The `sql` function on a `SparkSession` enables applications to run SQL queries programmatically and returns the result as a `DataFrame`.

In [None]:
# Register the DataFrame as a SQL temporary view
df.createOrReplaceTempView("people")

In [None]:
sqlDF = spark.sql("SELECT * FROM people")
sqlDF.show()

#### Infer Schema using Reflection
Spark SQL can convert an RDD of Row objects to a DataFrame, inferring the datatypes. Rows are constructed by passing a list of key/value pairs as kwargs to the Row class.
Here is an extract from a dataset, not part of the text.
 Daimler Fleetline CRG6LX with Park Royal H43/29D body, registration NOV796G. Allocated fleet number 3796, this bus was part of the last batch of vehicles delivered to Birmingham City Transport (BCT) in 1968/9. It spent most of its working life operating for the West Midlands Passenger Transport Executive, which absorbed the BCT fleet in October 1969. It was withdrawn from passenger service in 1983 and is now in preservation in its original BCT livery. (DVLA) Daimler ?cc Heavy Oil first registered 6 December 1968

The keys of this list define the column names of the table, and the types are inferred by sampling the whole dataset, similar to the inference that is performed on JSON files.

In [None]:
# Load a text file and convert each line to a Row.
# Lines is an RDD of rows
lines = spark.sparkContext.textFile("file:/home/work/people.txt") # Replace with spark.read.text
parts = lines.map(lambda l: l.split(","))

# Define a dictionary of kwargs to specify the schema
# Name is of type str(default) and age is of type int
people = parts.map(lambda p: Row(name=p[0], age=int(p[1])))

In [None]:
# Infer the schema
schemaPeople = spark.createDataFrame(people)
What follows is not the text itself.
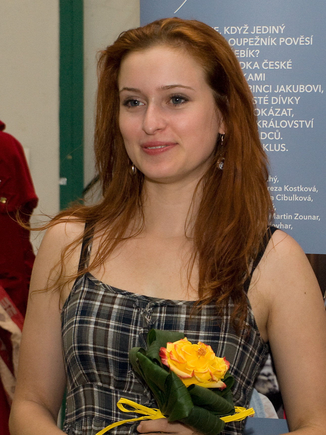 Czech actress Kamila Janovičová.

# Register the DataFrame as a table.
schemaPeople.createOrReplaceTempView("people")

In [None]:
# SQL can be run over DataFrames that have been registered as a table.
teenagers = spark.sql("SELECT name FROM people WHERE age >= 13 AND age <= 19")

In [None]:
# DataFrame.rdd returns the content as `pyspark.RDD` of `Row`.
teenNames = teenagers.rdd.map(lambda p: "Name: " + p.name).collect()
for name in teenNames:
    print(name)

#### Programmatically Specifying the Schema


In [None]:
# Load a text file and convert each line to a Row.
# Lines is an RDD of rows
lines = spark.sparkContext.textFile("file:/home/work/people.txt")
parts = lines.map(lambda l: l.split(","))
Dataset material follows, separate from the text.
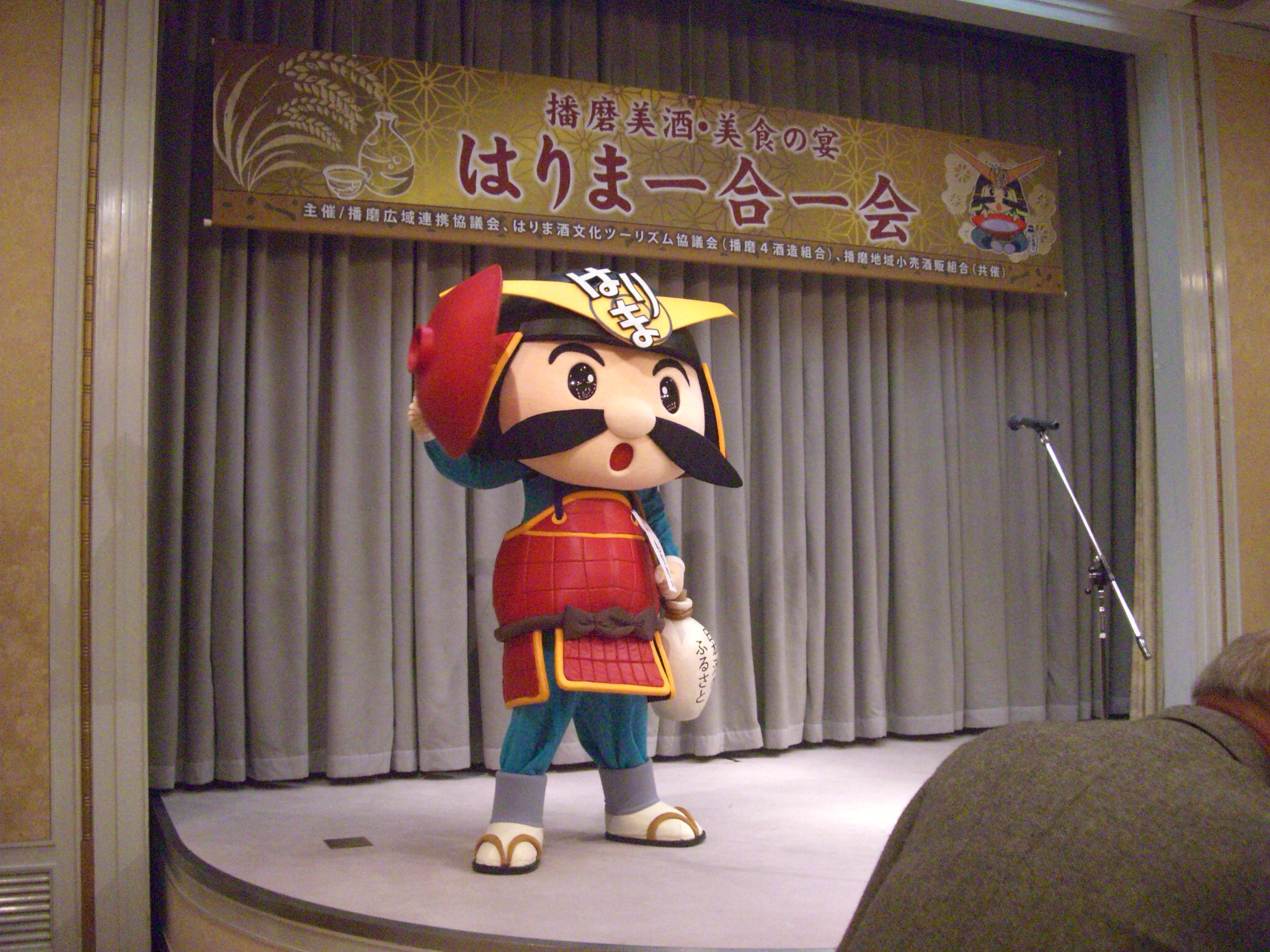 molilie at ichigo ichie held in himeji chamber of commerce on 2/28/14

# Each line is converted to a tuple.
people = parts.map(lambda p: (p[0], p[1].strip()))

In [None]:
# Manually specify the schema
fields = [StructField("name", StringType(), True),
         StructField("age", IntegerType(), True)]
schema = StructType(fields)

In [None]:
fields

In [None]:
# Apply the schema to the RDD.
schemaPeople = spark.createDataFrame(people, schema)

In [None]:
schemaPeople.printSchema()

In [None]:
# Creates a temporary view using the DataFrame
schemaPeople.createOrReplaceTempView("people")

# SQL can be run over DataFrames that have been registered as a table.
results = spark.sql("SELECT name FROM people")

results.show()

In [None]:
spark.stop()